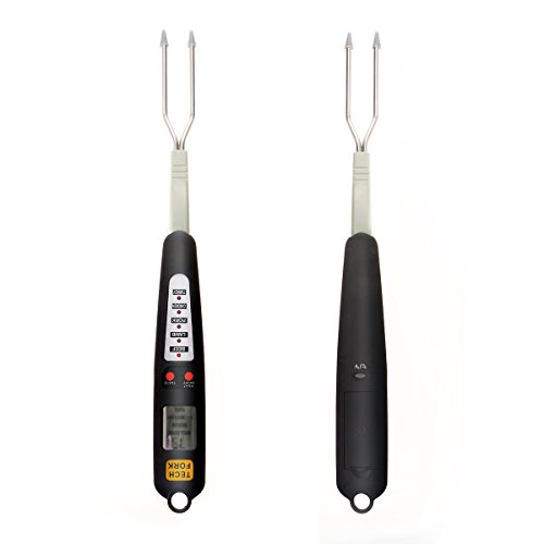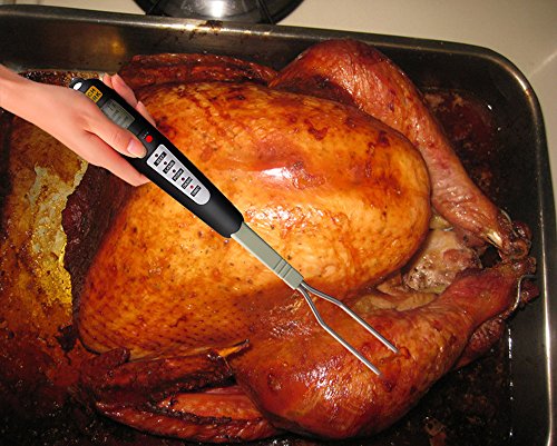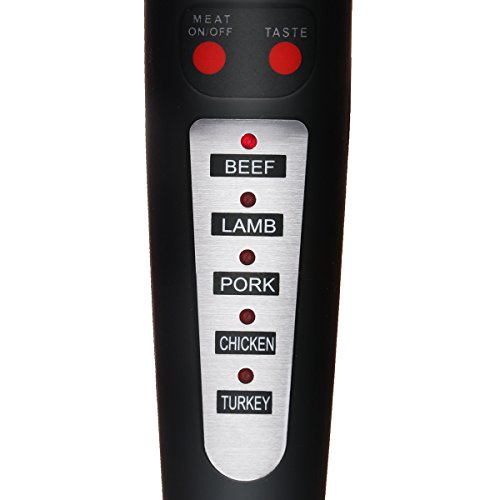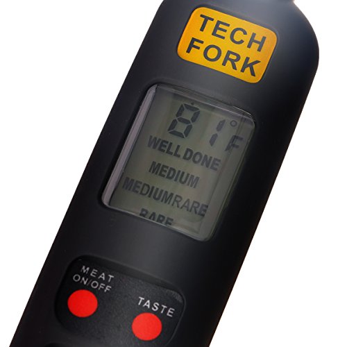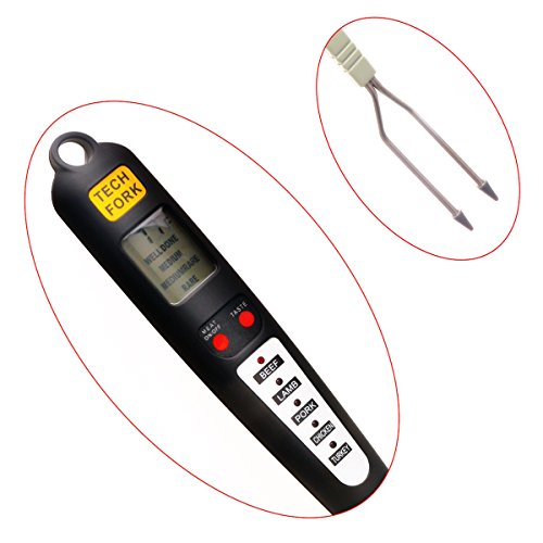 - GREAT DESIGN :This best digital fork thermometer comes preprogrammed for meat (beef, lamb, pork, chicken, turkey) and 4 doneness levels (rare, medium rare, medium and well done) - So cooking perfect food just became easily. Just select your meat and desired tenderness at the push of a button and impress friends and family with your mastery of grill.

---

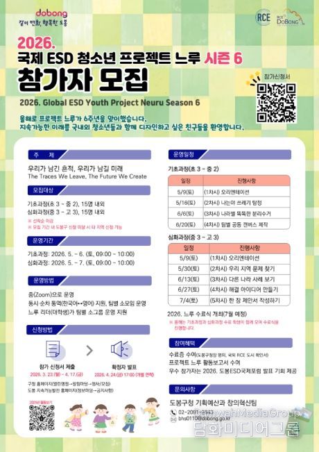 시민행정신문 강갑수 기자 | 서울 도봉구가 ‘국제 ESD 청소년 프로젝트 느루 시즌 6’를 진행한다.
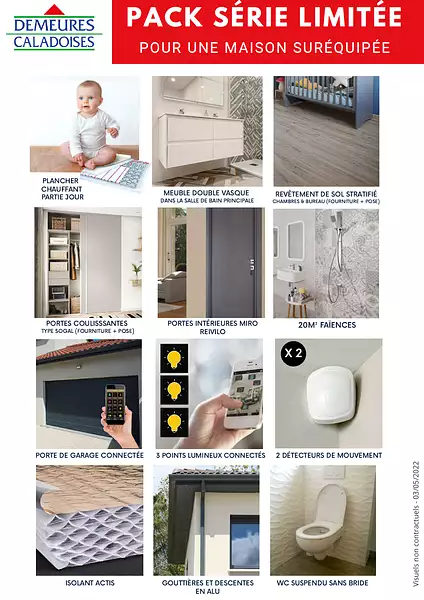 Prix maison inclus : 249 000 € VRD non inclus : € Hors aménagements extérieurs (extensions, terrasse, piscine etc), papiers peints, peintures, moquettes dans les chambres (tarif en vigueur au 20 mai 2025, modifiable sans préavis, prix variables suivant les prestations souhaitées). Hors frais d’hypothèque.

Task brief: Because only one stretch of the records is wanted, please output the lines from the one holding "시민행정신문 강갑수 기자" through the one holding "Prix maison inclus" exactly, both included, and leave every picture out.

Expected answer:
 시민행정신문 강갑수 기자 | 서울 도봉구가 ‘국제 ESD 청소년 프로젝트 느루 시즌 6’를 진행한다.
 Prix maison inclus : 249 000 € VRD non inclus : € Hors aménagements extérieurs (extensions, terrasse, piscine etc), papiers peints, peintures, moquettes dans les chambres (tarif en vigueur au 20 mai 2025, modifiable sans préavis, prix variables suivant les prestations souhaitées). Hors frais d’hypothèque.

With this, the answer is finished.